The “ripping culture” at one national newspaper website has led to more than half its graduate trainee intake for the last two years abandoning journalism for PR.
This is what one verified source at the newsroom in question told me.
I’m not going to name the title because to do so might identify my source, and because the practices they highlight are apparently widespread on the web operations of some UK national newspapers.
The source painted a picture of a working life where journalists do little other than rejig the work of others, adding pictures, headlines and adjusting the copy to avoid falling foul of copyright laws.
The source told me: “The aggression in the newsroom is fine, they know that’s coming, and you know you are going to get abuse on social media – a lot of it is drive-by stuff.
“But what people can’t take is the culture of ripping news from everyone else because it is not what they are taught at journalism school. They are totally deskbound and dependent on other websites for stories, the choice of which is dictated by the editors.
“The graduate trainees are all leaving and moving into PR and marketing roles. They are continually asked to do what is called a ‘rip’ – a copy and paste and a slight re-write, and no-one wants to do them.”
The source was prompted to contact Press Gazette after reading of freelance Glyn Bellis complaining to The Independent about lifting some court copy (with attribution) which he filed to Wales Online. The Independent declined to pay a syndication fee saying there was no copyright in news.
This stance was apparently contradicted last month when Rochdale Online won a £200 payment from the Manchester Evening News at county court after the latter declined to pay it a syndication fee for a story which was based entirely on its original work.
The source told me: “Journalists want some clarity on this because no-one wants to do it.”
The source said they went for an interview at another national newspaper where it was made clear to them that their job as a news reporter on the website would only involve writing “news reviews”. These followed a formula, he said, whereby stories are lifted from other sites and rewritten with around a third lifted content, a third social media reaction and a third linking to other background stories on the site.
The source said: “A lot of young journalists are falling by the wayside because of this culture.”
The source said that the news editors at their website don’t like the ripping culture either “but they live in fear that someone else has got a story they haven’t”.
They said: “The hours are tough, the abuse online is tough, holiday requests don’t get approved…and what’s disappeared is the creative part of the job that made all that worth it.”
They said they sourced and wrote an interview with a prominent foreign politician which attracted several thousands social media shares. But he said that a ripped version of the story, which appeared as a “news review” on a rival website, attracted more than ten times the number of social media shares: “It’s incredibly frustrating.”
Follow-ups are an integral part of journalism and are to be expected (and encouraged) whenever a big story is broken.

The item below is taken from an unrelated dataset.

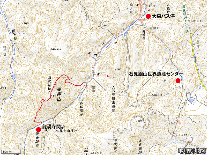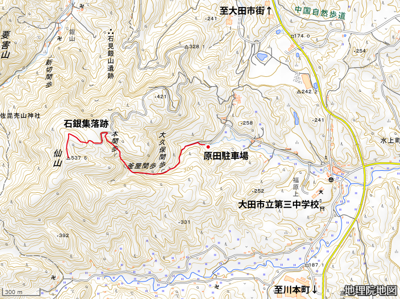 石銀から大森の町並み側の佐毘売山神社付近に至る道もあります。

There has always too been an element of “ripping” where night editors scramble to lift stories from other titles, usually with attribution, for later print editions.
But it appears that “ripping” has become central to some websites’ business models. It is a cost efficient way of delivering the stupendous traffic numbers which are needed because of the low rates paid by online advertisers.
In the era of social media where readers flit from one site to another, many probably pay little notice to the original source of a story – especially when, as is often the case, a substantial amount has been lifted and the attribution is grudging and low down the piece.
It is easy to see why many journalists, faced with the prospect of working life as a ripper, decide that the game is not worth the candle.